Here's some new ones I've found. Need help with flask, (B 8oz.6) year or what it contained? Anyway nothing too special but Im into the Westmoreland brewing co bottle and inks. Thoughts?


----------



## RCO (Jun 8, 2016)

just curious what state is the suterville bottle from ? I can't read it and never heard of suterville  before


----------



## neatthings (Jun 8, 2016)

is a westmoreland brewing co. suterville, PA. Did you want more pics? Im new to collecting but it has small chips on the "W" and a small schip right above  the "E" in brewing. I does need a little polishing on the outside from what i can tell. U want more pics?


----------



## neatthings (Jun 8, 2016)

http://www.oldbreweries.com/breweri...a-2-breweries/westmoreland-brewing-co-pa-795/


----------



## RCO (Jun 8, 2016)

neatthings said:


> is a westmoreland brewing co. suterville, PA. Did you want more pics? Im new to collecting but it has small chips on the "W" and a small schip right above  the "E" in brewing. I does need a little polishing on the outside from what i can tell. U want more pics?

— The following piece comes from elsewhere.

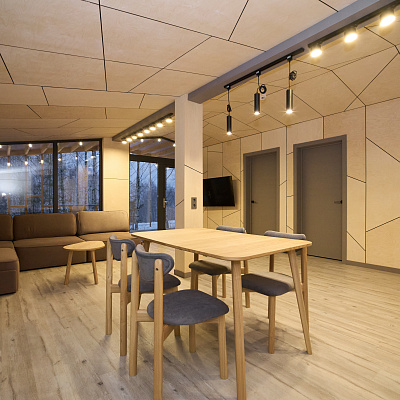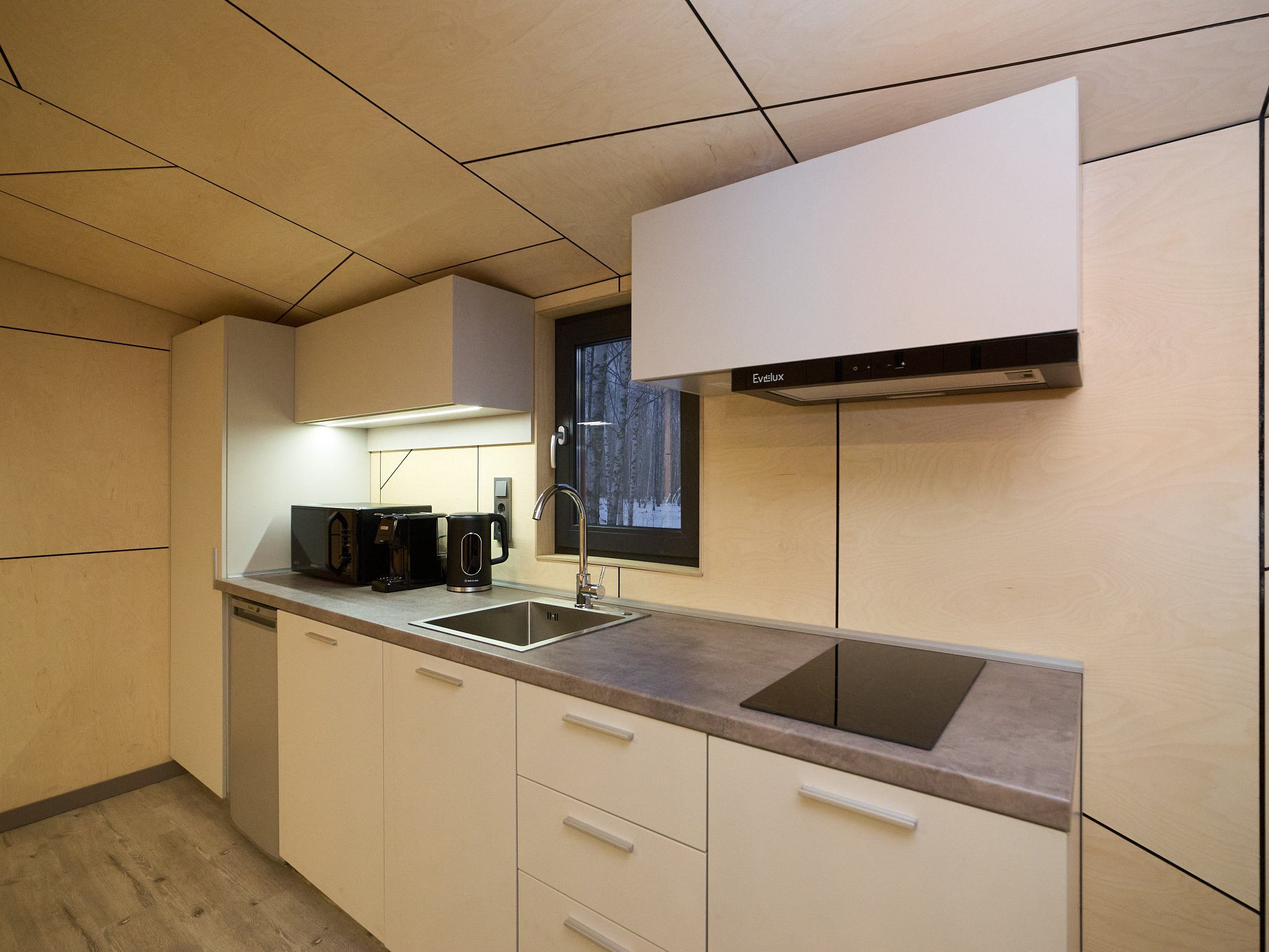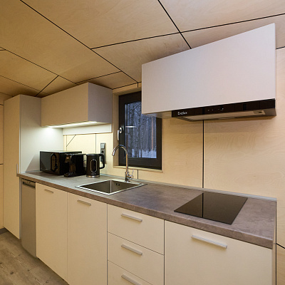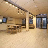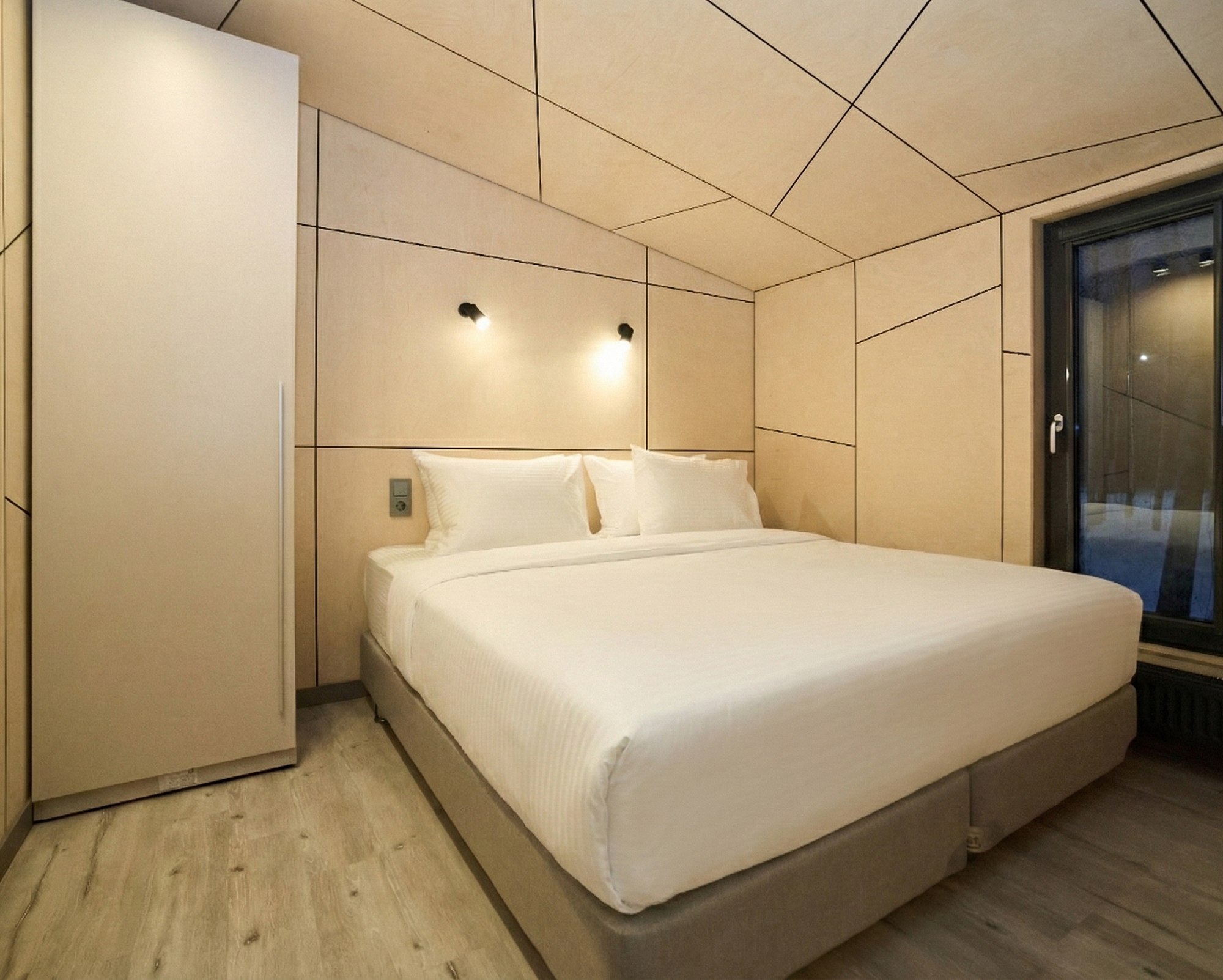- просторная спальня-гостиная с большой двуспальной кроватью и панорамными окнами, из которых открывается вид на лесной массив (двуспальная кровать трансформер и раскладной диван)

that's ok I was just curious where it was from , couldn't tell from picture , I'm not really that familiar with brewery bottles in general , more into soda bottles


----------



## neatthings (Jun 8, 2016)

oh ok, cool. If i find some sodas ill let you know. i could send some ur way if you want to trade for stuff.


----------



## neatthings (Jun 8, 2016)

im not real particular. i like embossed stuff, even if its from the 40's or older.


----------



## sunrunner (Jun 11, 2016)

you got a lot of late 1920s and early 1930s stuff. the old Quaker , Purex and inks are all common in the 30s . the beer and flask are from the 20s.


----------



## sunrunner (Jun 11, 2016)

you got a lot of late 1920s and early 1930s stuff. the old Quaker , Purex and inks are all common in the 30s . the beer and flask are from the 20s.


----------